Materials for an 8-foot wildlife fence were donated by the Habitat Partners Program through the U.S. Department of Interior and the U.S. Fish and Wildlife Service, Rippy said. Now they are just trying to find some funding to pay for the construction of it.

Rippy said that others helping out include: the Glenwood Springs Rotary; Sopris Engineering, which has donated surveying and engineering work on the site plan; the city of Glenwood, which is expected to put in a water tap and run it across Wulfsohn Road in the beginning of May; and Resource Engineering, which has offered to engineer a water plan on how to water the individual plots. Someone has even donated several cubic yards of good top soil, she said. And she thinks that they’ve got a lead on a tool shed in Grand Junction that may be donated as well, so all the tools can be housed on site.

All of the public support has Rippy very excited about the future of the garden.

“Everything has happened so perfectly,” Rippy said. “We’ve had so much help.”

Rippy indicated that Glenwood Parks and Recreation Director Tom Barnes went out in March and marked out the garden’s exact spot, which Rippy estimated was about 1.5 acres.

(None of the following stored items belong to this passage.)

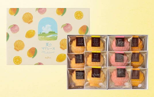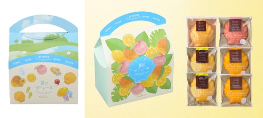 国産バターとたっぷりの卵を使ってしっとり焼き上げた「バターマドレーヌ」、岡山県産の桃「白鳳(はくほう)」の芳醇な甘み&香りが広がる「ももマドレーヌ」、広島県産瀬戸内レモンのすがすがしい甘ずっぱさが広がる「レモンマドレーヌ」、アルフォンソマンゴーの華やかな香りとほんのり甘ずっぱさが広がる「マンゴーマドレーヌ」。季節限定の味わいと人気のマドレーヌを、夏をイメージしたデザインのパッケージにアソートしました。
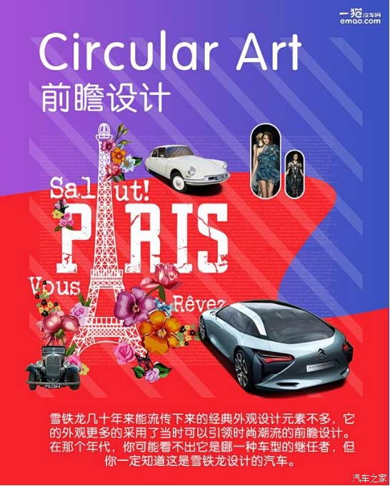 举个例子,巴黎时装周每年都要举办两次,主题都是以设计博取大家的眼球。每年衣服的设计都不尽相同,没有定式可言,但每年都会有那么几款变成引领接下来半年甚至一年风尚的款式。雪铁龙也一样,它的设计更多的是引领当时时代的一种设计潮流。你可能看不出这是哪一台车的继任者,但你一定知道这是雪铁龙所设计的汽车。
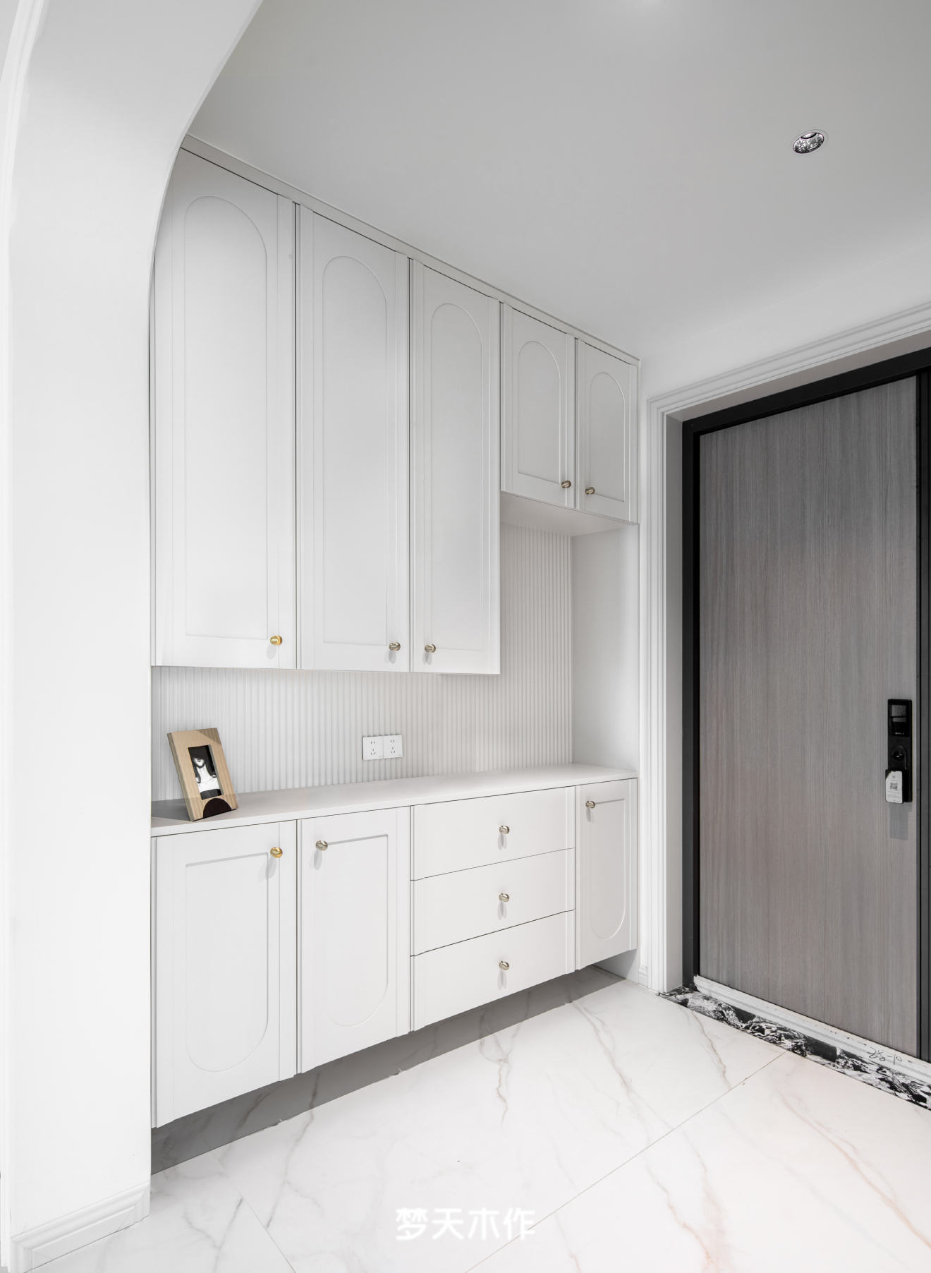 入户设计追求功能性与美观度并重,两侧大面积使用玄关柜设置,大大增加空间收纳能力,让空间充分利用起来。
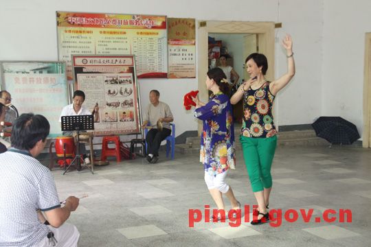 7月1日清晨,平利縣紅旗劇團不時傳來陣陣悠揚的樂曲聲,平利縣舞蹈協會組織舞蹈愛好者正在排練《茶香平利》、《火紅的燈籠火紅的年》以及《相約龍頭村》等舞蹈曲……
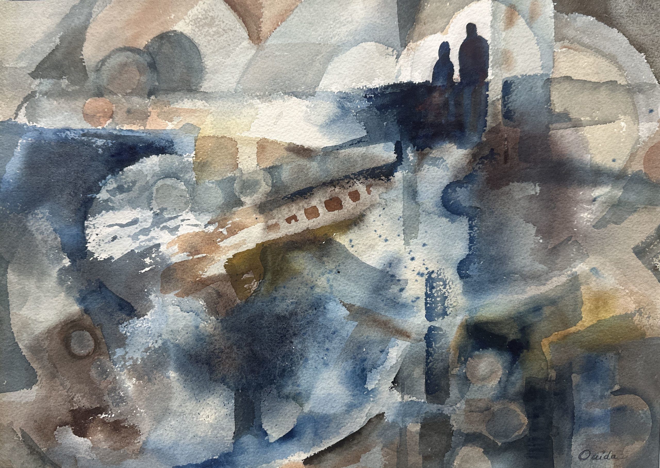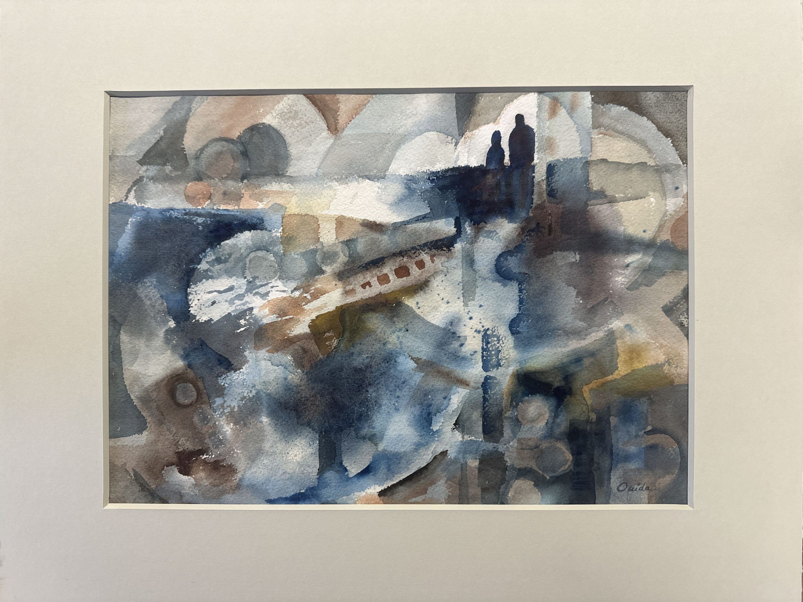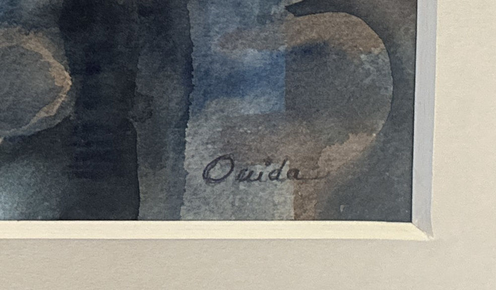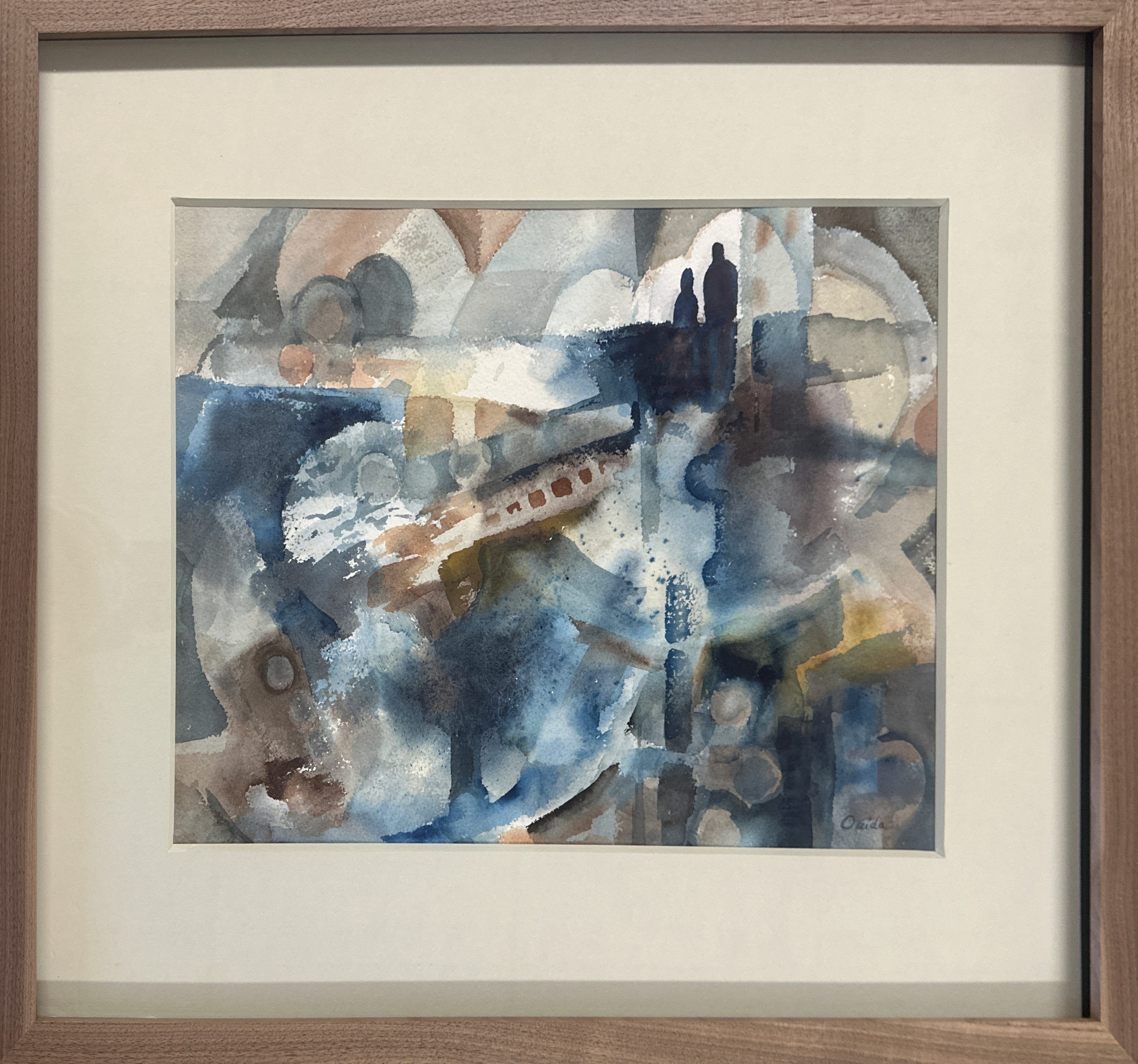 “Look at the paintings of Ouida Reilly and you find joy, beauty, and quiet strength. Meet the artist and you are drawn to this animated and talented being who regards life as a hopeful, exciting challenge.” So reported California art critic Charles Luedtke. This work, though, leaves behind Reilly’s typical impressionism for a more energetic near-abstraction (note the human figures in the upper right), composed with the same pallet as in her impressionist works but deployed rather differently. A fine painting, framed in a natural Walnut frame (18 x 21.5″) using strictly conservation-grade materials behind 99% UV-blocking art glass.

There is enough land for about 120 sites, she said. However, they are going to begin slowly, developing between 50-60 10-foot-by-15-foot plots, depending on how much interest they receive.

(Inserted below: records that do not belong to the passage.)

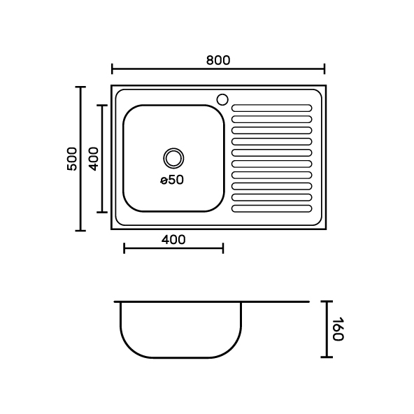 Мойка накладная 50х80 см, левая, толщина 0,4 мм, глубина 160 мм, без сифона
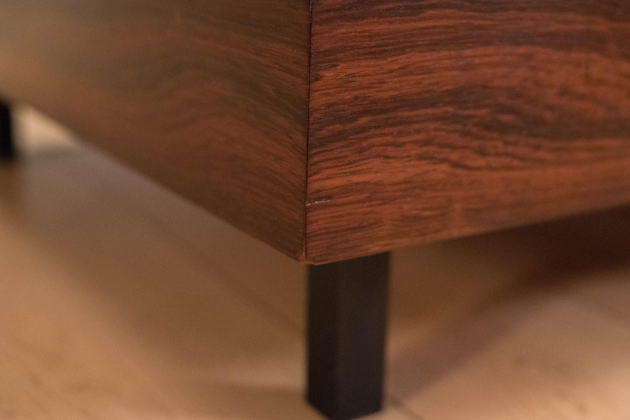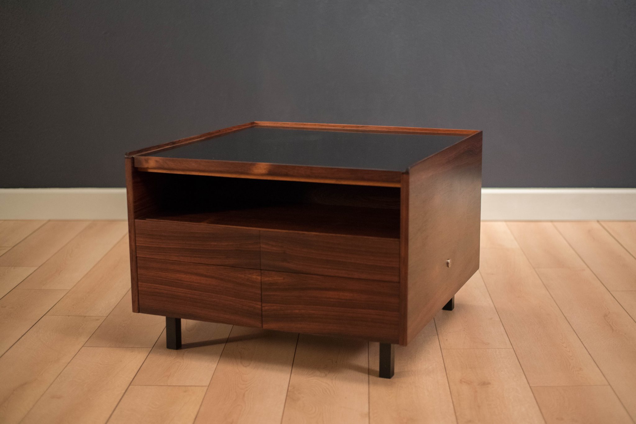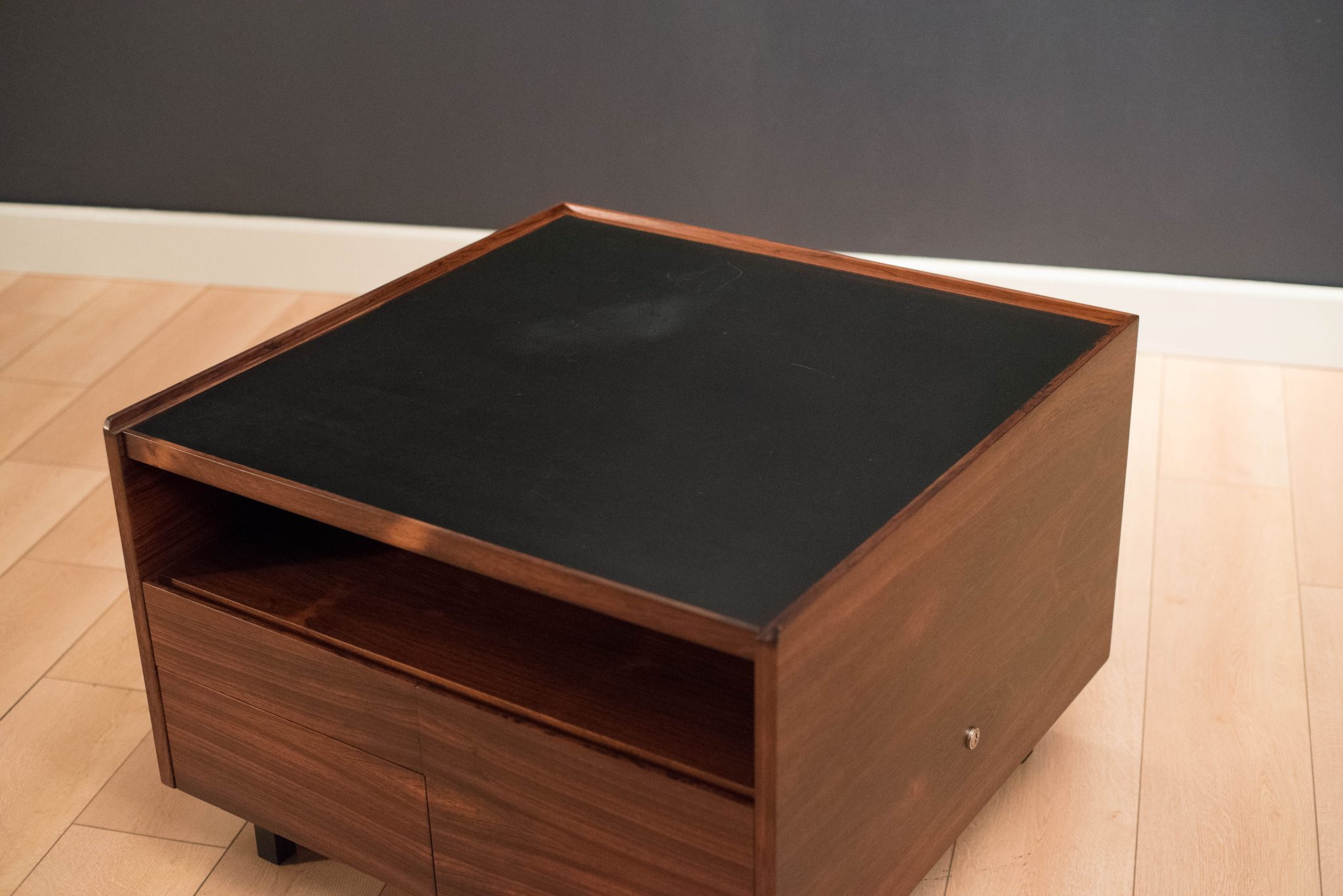 Mid Century Bar Table in rosewood by Arne Vodder for Sibast. This versatile piece can be used as a coffee or occasional side table and includes four sliding drawers. Black laminate top slides to reveal hidden storage.
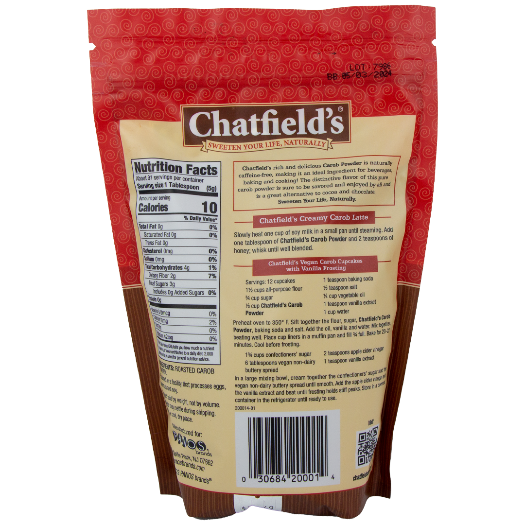 Este polvo natural de un solo ingrediente no solo no contiene cafeína ni grasa, sino que también es una buena fuente de fibra. Tiene un sabor suave y cremoso que hará que todas tus recetas favoritas sean mucho más deliciosas. El polvo de algarrobo de Chatfield contiene más calcio que el cacao, lo que lo convierte en la bebida y el refrigerio perfecto para usted y su familia, especialmente ideal para un cremoso latte o batido de algarroba.
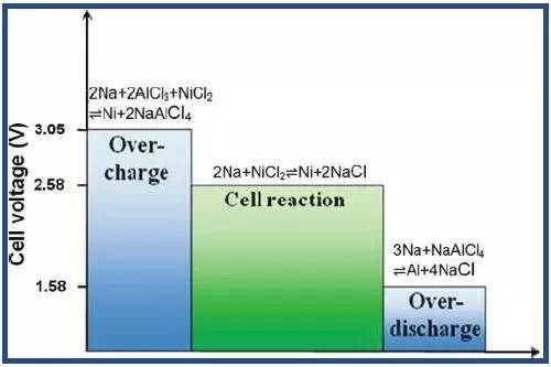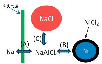 放電時(shí),正極的Ni2+得到電子,生成Ni單質(zhì),負(fù)極單質(zhì)Na失去電子,生成Na+穿過陶瓷隔離膜,與正極電解液中的Cl-結(jié)合為NaCl。電池的運(yùn)行溫度為270-350℃,開路電壓2.58V(300℃),電子轉(zhuǎn)移數(shù)為2。

The garden will be broken into four-plot blocks, and Rippy hopes that each of the blocks will have a master gardener in one of the plots to help with the others who are not as familiar with gardening.

“It’s perfect for people who may want to get a plot with four of their friends who just want to grow all the ingredients to make homemade salsa, or whatever you want to grow, that is up to you,” she said.

Rippy said that they’ve already received 25 applications.

She added that the recent winter weather may have deterred people from thinking about the garden, but she expects that to change with the nicer weather.

“The weather has been bad, and people have been skiing and spring-breaking,” she said. “Also, there is nothing visible over there yet. But once they can see it, I think we will get a lot of interest.”

Applications for plots are available at the Glenwood Branch Library’s vestibule, the Good Health Store, and at the Community Center. They are also holding an on-site meeting at the garden location on Sunday, April 19, at 1 p.m., to inform interested gardeners on the plans and how the community garden is going to work.

Rippy said that even people who are interested but have never had a garden before should come.

“It’s going to be really good,” she said. “I think it’s going to be really good for Glenwood.”